Platform:           Software model of a complete circuit comprising processors, memory, buses and peripherals. The simulation is accurate enough for software development but not for accurately predicting system performance..

Processor:        Indivisible device provided by a silicon vendor or licensor. Can be supplied as RTL, layout or finished silicon.
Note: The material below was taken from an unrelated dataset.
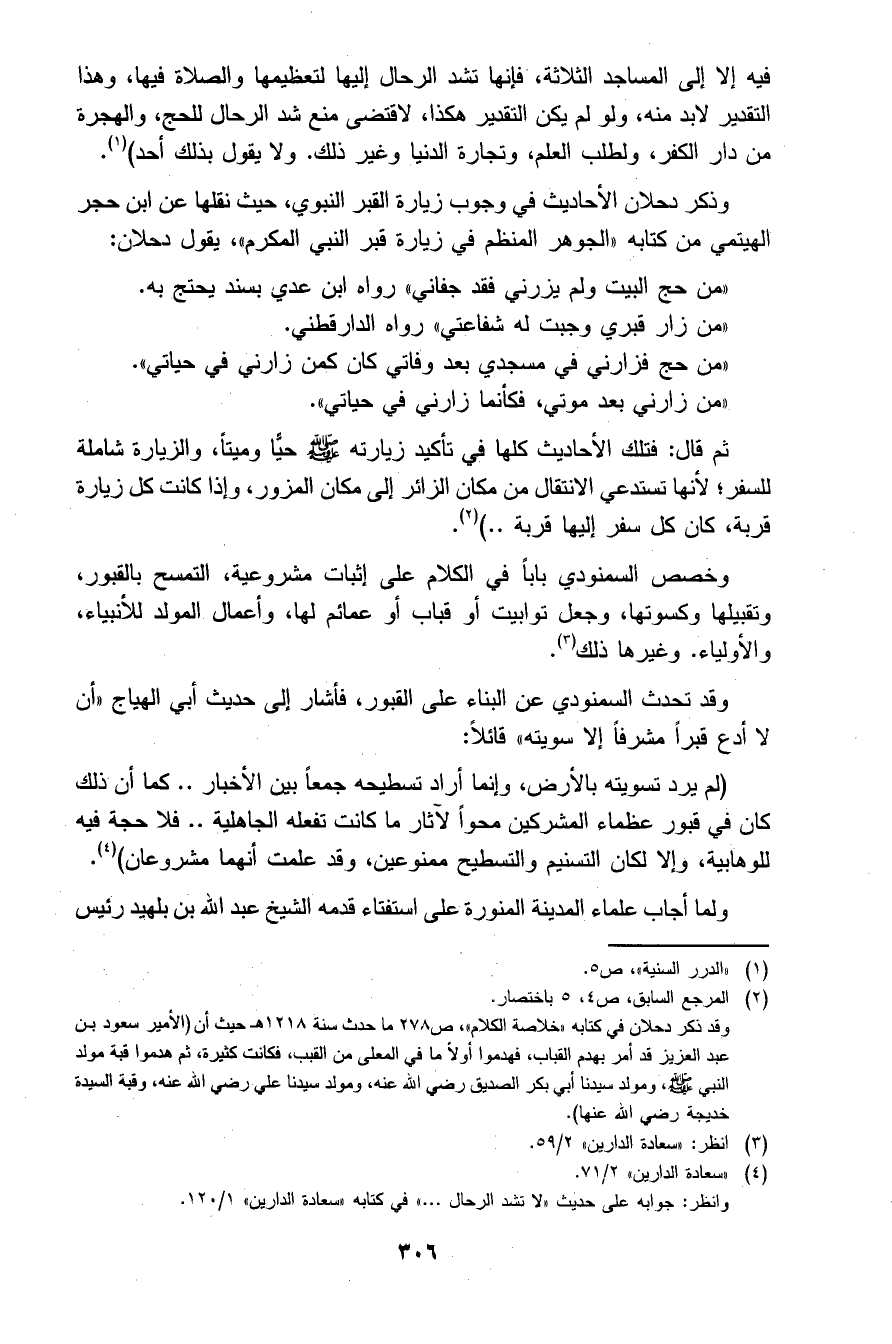 4 "سعادة الدارين" 2/71. وانظر: جوابه على حديث "لا تشد الرحال ... " في كتابه "سعادة الدارين" 1/120.
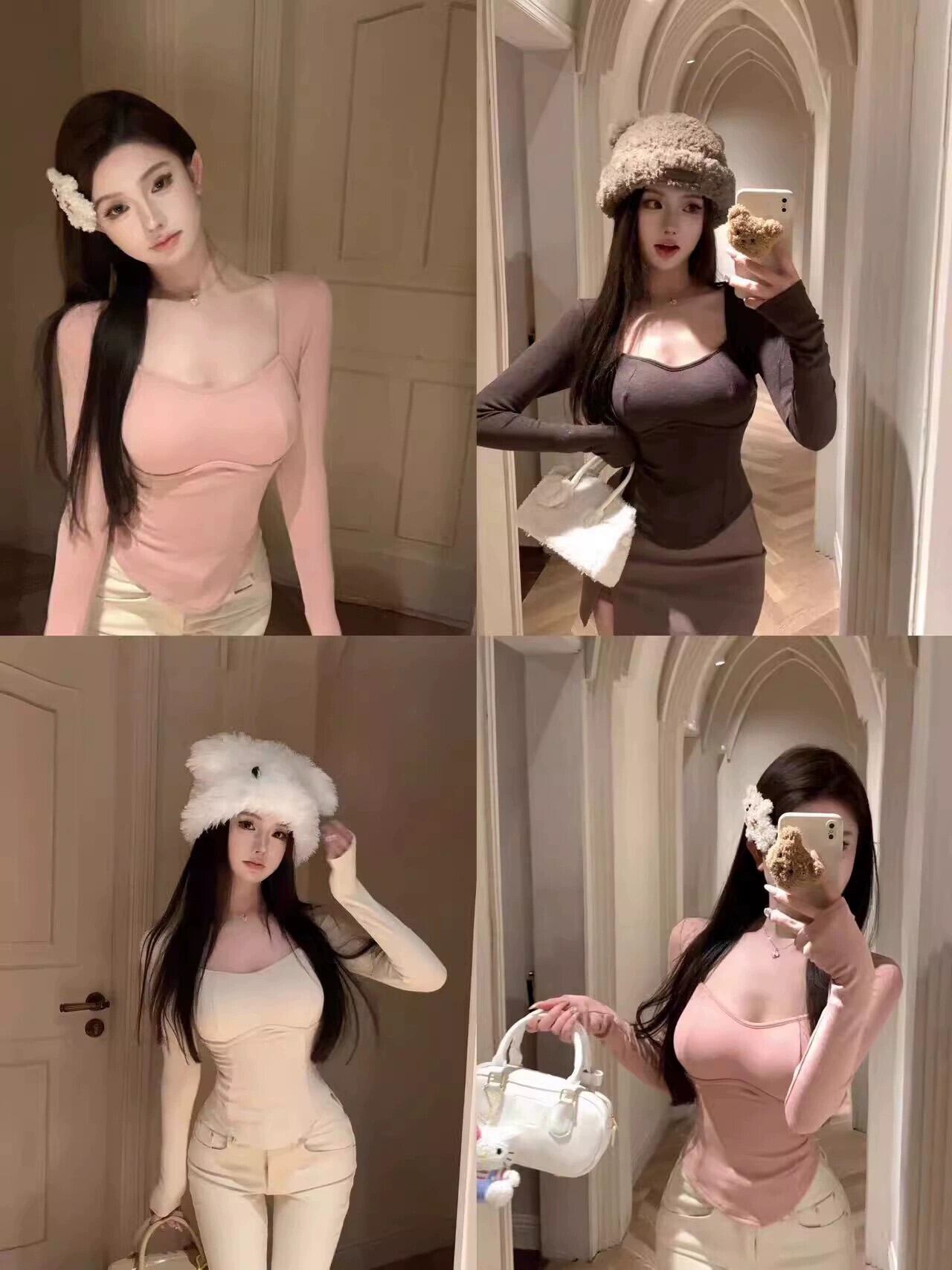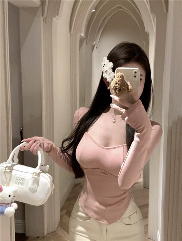 豪華なピンクの長袖スクエアネック T シャツの女性、パッド入りの春のインナー レイヤリング シャツ、優しいスリム フィットのショート トップ ロング スプリング 春物 Tシャツ スクウェア bstraw84232240934 | beaute25

Quantum:          (In multiprocessor simulation) A time period in which each processor in turn simulates a certain number of instructions. Simulated time is advanced only at the end of a quantum, so this is limit of timing accuracy of the simulation. The quantum is usually fixed for the duration of a simulation, but can be changed (at the start of a new quantum).

Semihosting:     Interception by the simulator of calls in the application to I/O functions and the passing of the calls to the host operating system.

Sparse memory: Simulated memory is created by the OVP simulator as it is used; unused regions are not allocated. Therefore the simulator can create a model of a memory larger than that of the host computer.

TLB:                Translation Look-aside Buffer. Part of a processor’s VM controller.

Variant:            A configuration setting of a model to represent a specific vendor processor, for example to configure the generic MIPS model to be MIPS 24KEc.

Virtual Platform: as Platform.

VM:                 Virtual Memory or Virtual Memory controller. Hardware that allows a processor to simultaneously execute several programs without interfering with each other.

Multiprocessor Simulation:  Processors in multiprocessor platforms do not execute simultaneously; for efficiency each processor advances a certain number of instructions in turn. Increasing the number of instructions run on one processor in one turn (quantum) will reduce the time spent by the simulator switching context, so will improve simulation speed. However, it will also increase the chance that interactions between processors will be inaccurate with respect to the timing, especially if they communicate through shared memory. This mechanism is used in C, and C++, and SystemC TLM.0 platforms.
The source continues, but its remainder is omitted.